Source information —
-------------------------
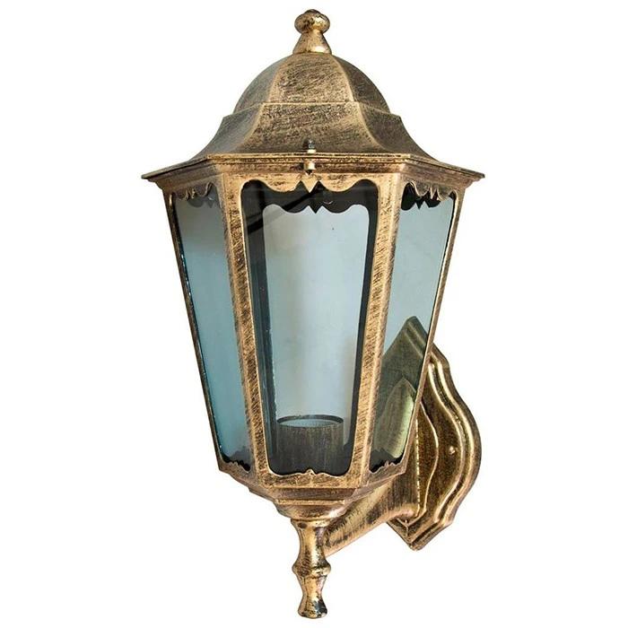 Светильник садово-парковый, серии «Классика», (НБУ) FERON 6201/PL6201 100W, E27, 230V, IP44, цвет черное золото, 6-и гранник, на стену вверх, 255*195*400мм
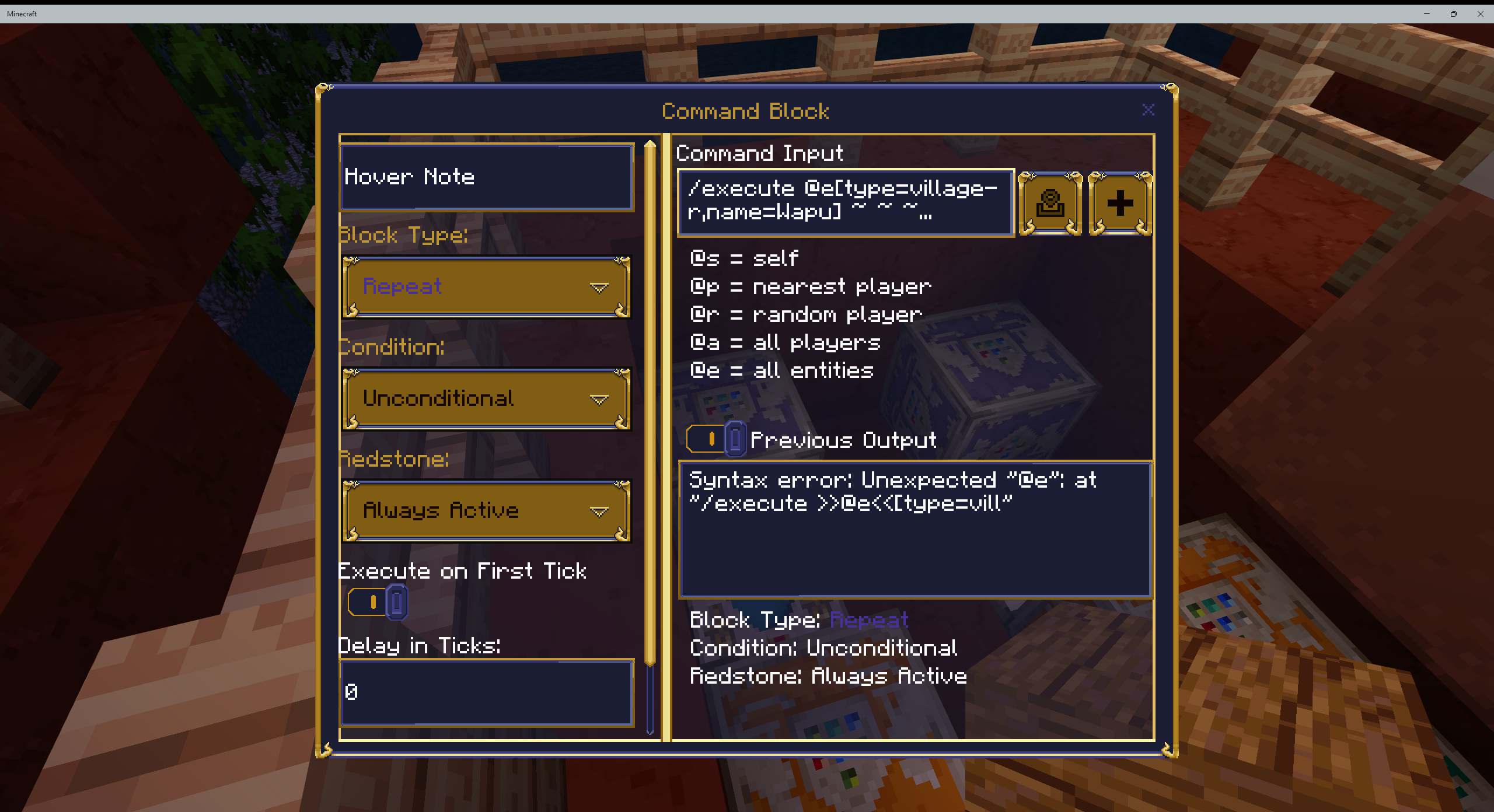 All of my command blocks where I have villagers talking now all say....syntax error @e.....so none of my adventure people are talking.
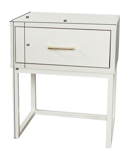 Szafka nocna Loft biała ze złotym uchwytem to uniwersalny produkt, który wpasuje się w niemal każdy styl. Kolorystyka szafki sprawi że wnętrze będzie wyróżniać się oryginalnością. Dzięki projektowi inspirowanego loftowym designem Twoja sypialnia, przedpokój, salon nabiorą funkcjonalności oraz wyjątkowości. Zastosowanie jednego koloru korpusu i ręcznie wykonanego stelażu to klucz do lekkiego, zgrabnego a zarazem eleganckiego look’u.
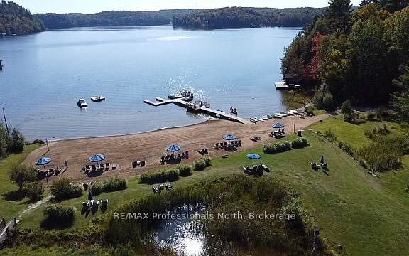 Exceptional and affordable family vacation gateway. Enyoy 5 weeks of fractional ownership including one prime fixed week every July and 4 floating weeks throughout the year. This spacious 3- bedroom, 2 bath, fully winterixed cottage offers post card-perfect lake views, as being a "first row cottage" there are no other cottages blocking the view. Also offers a large lakeside deck, a bright Muskoka room and a cozy stone fireplace. This cottage comes fully furnished and equipped for comfort and convenience. Blue Water Acres features outstanding amenities such as an indoor heated swimming pool, hot tub, excersise room, games room, owners launge, several outdoor tennis/ pickleball courts, playgroung and a superb sand beach with docking facilities. Canoes, kayaks are available for use at the beach. This resort community also offers winter ice skating, snow tubing/ sledding and endless walking trails in the woods. With all these outstanding year round facilities it is guaranteed , no one in the family ever will be bored spending time here. Also close by you can enjoy downhill skiing, golfing, snowmobiling, fine dining. The town of Huntsville is within 15 minutes drive for convenience. Resort fees include all utilities, maintenance, internet, TV. All you need to do is to show up and enjoy.
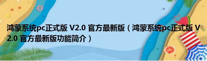 鸿蒙系统pc正式版 V2.0 官方最新版(鸿蒙系统pc正式版 V2.0 官方最新版功能简介)
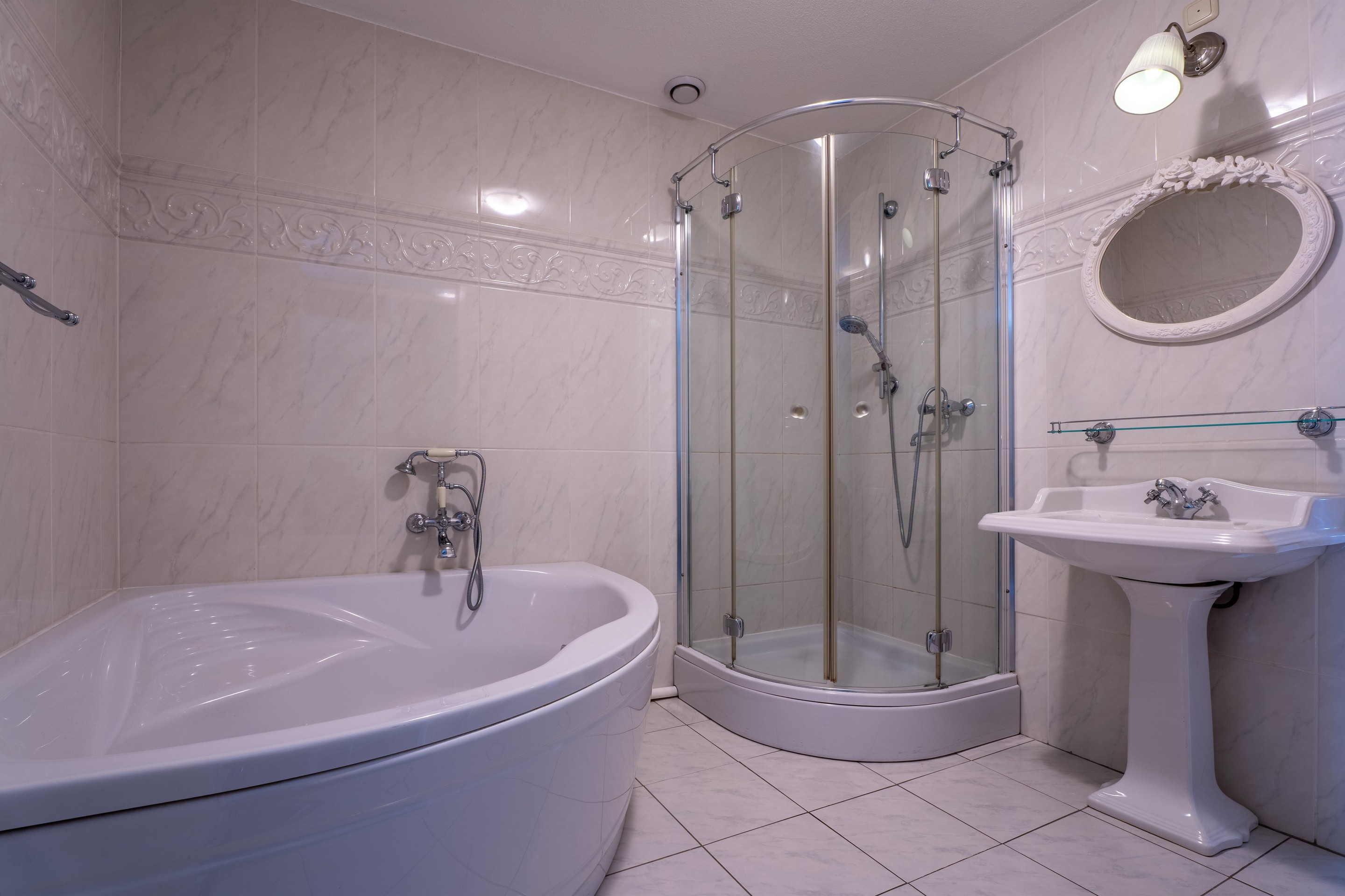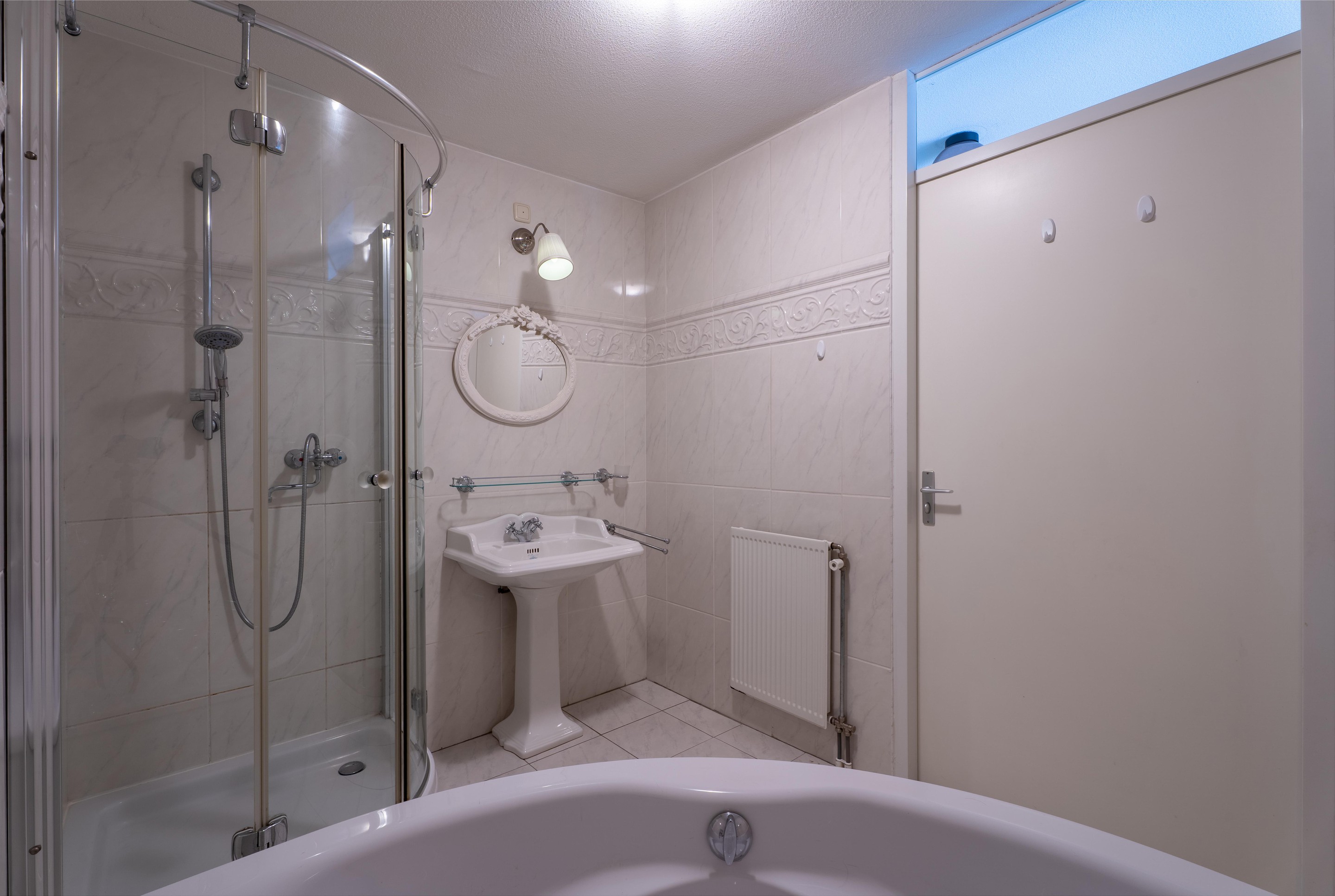 De verzorgde badkamer is beschikt over een hoekbad, een douchecabine en een wastafel.
-------------------------
Copy out nothing but the lines from the beginning of the records through the one that contains "Szafka nocna Loft". Skip the pictures.

 Светильник садово-парковый, серии «Классика», (НБУ) FERON 6201/PL6201 100W, E27, 230V, IP44, цвет черное золото, 6-и гранник, на стену вверх, 255*195*400мм
 All of my command blocks where I have villagers talking now all say....syntax error @e.....so none of my adventure people are talking.
 Szafka nocna Loft biała ze złotym uchwytem to uniwersalny produkt, który wpasuje się w niemal każdy styl. Kolorystyka szafki sprawi że wnętrze będzie wyróżniać się oryginalnością. Dzięki projektowi inspirowanego loftowym designem Twoja sypialnia, przedpokój, salon nabiorą funkcjonalności oraz wyjątkowości. Zastosowanie jednego koloru korpusu i ręcznie wykonanego stelażu to klucz do lekkiego, zgrabnego a zarazem eleganckiego look’u.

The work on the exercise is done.